Demand for full-size pickups jumped 16 percent in August, helping to make it the strongest sales month since August 2009. Overall auto sales increased 20 percent from a year earlier to nearly 1.3 million, according to Autodata Corp.
The rising demand shows that businesses need to replace aging trucks and feel more confident about the recovery in U.S. housing -- an industry where pickups are essential for hauling equipment and crews.
"Businesses don't usually go buy a fleet of trucks unless they have good reason to believe that business will be ramping up," said Jesse Toprak, vice president of market intelligence for the TrueCar.com auto pricing service.
In pickups, Ford's F-series, the top-selling vehicle in America, saw a 19 percent sales increase, as did Chrysler's Ram pickup. Sales of General Motors' Chevy Silverado rose 4 percent, while the GMC Sierra was up 9 percent. Toyota's struggling big truck, the Tundra, posted a huge increase of 68 percent.

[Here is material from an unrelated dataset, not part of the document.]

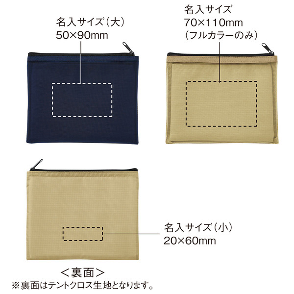 | 印刷・範囲 | シルク印刷:50×90mm パッド印刷:(裏面)20×60mm ※裏面はテントクロス生地となります 熱転写印刷:70×110mm |
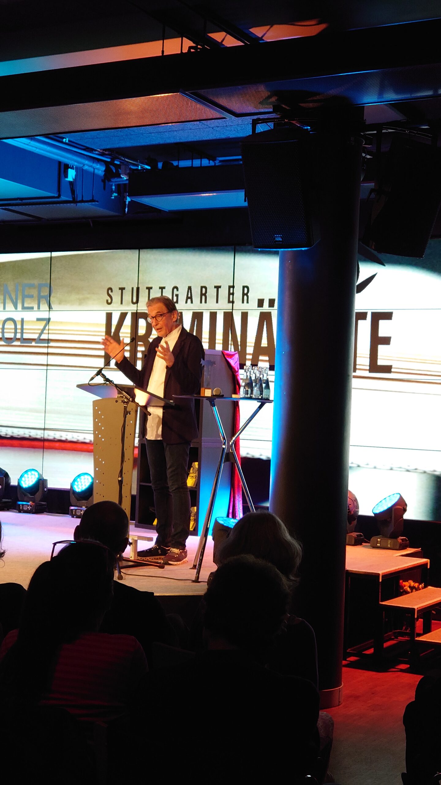 Wolfgang Schorlau ist nicht nur für mich ein alter Bekannter, sondern auch für die Stuttgarter Kriminächte. Nach 2014 und 2018 erhielt er zum dritten Mal den RSM Ebner-Stolz Wirtschaftskrimipreis für „Black Forest“. Er las – ganz gegen die Tradition – im Anschluss an die Preisübergabe keinen Ausschnitt aus seinem Buch, sondern ging auf das ganz besondere Verhältnis von zwei seiner Hauptprotagonist:innen ein: Georg Denglers Mutter zu seinem Sohn Jakob. Das Zusammenspiel der Generationen spielt im Roman eine wichtige Rolle, denn Jakob ist Umweltaktivist und will seine Großmutter von der Wichtigkeit alternativer Energien überzeugen.

The rising demand helped push total U.S. auto sales last month to an annual rate of 14.5 million. That's the best monthly sales pace since the government's "Cash for Clunkers" rebate program in August of 2009.
Pent-up demand is part of the reason for last month's truck increase. The average vehicle on U.S. roads is nearing 11 years old, and some are simply wearing out.
But automakers and industry analysts say the economic recovery is also starting to make buyers feel more comfortable about a big-ticket purchase.
Gas mileage also is playing a role in the pickup increase. Newer models are lighter than older ones and can be equipped with small but powerful V-6 engines.
In overall sales, Toyota, Honda and Volkswagen led the way with big increases. Toyota sales rose 46 percent, while Honda's climbed 60 percent. VW kept its stunning growth going with an increase of 63 percent. Both Honda and Toyota reported jumps because last year's numbers were depressed when an earthquake in Japan hobbled their factories and caused vehicle shortages.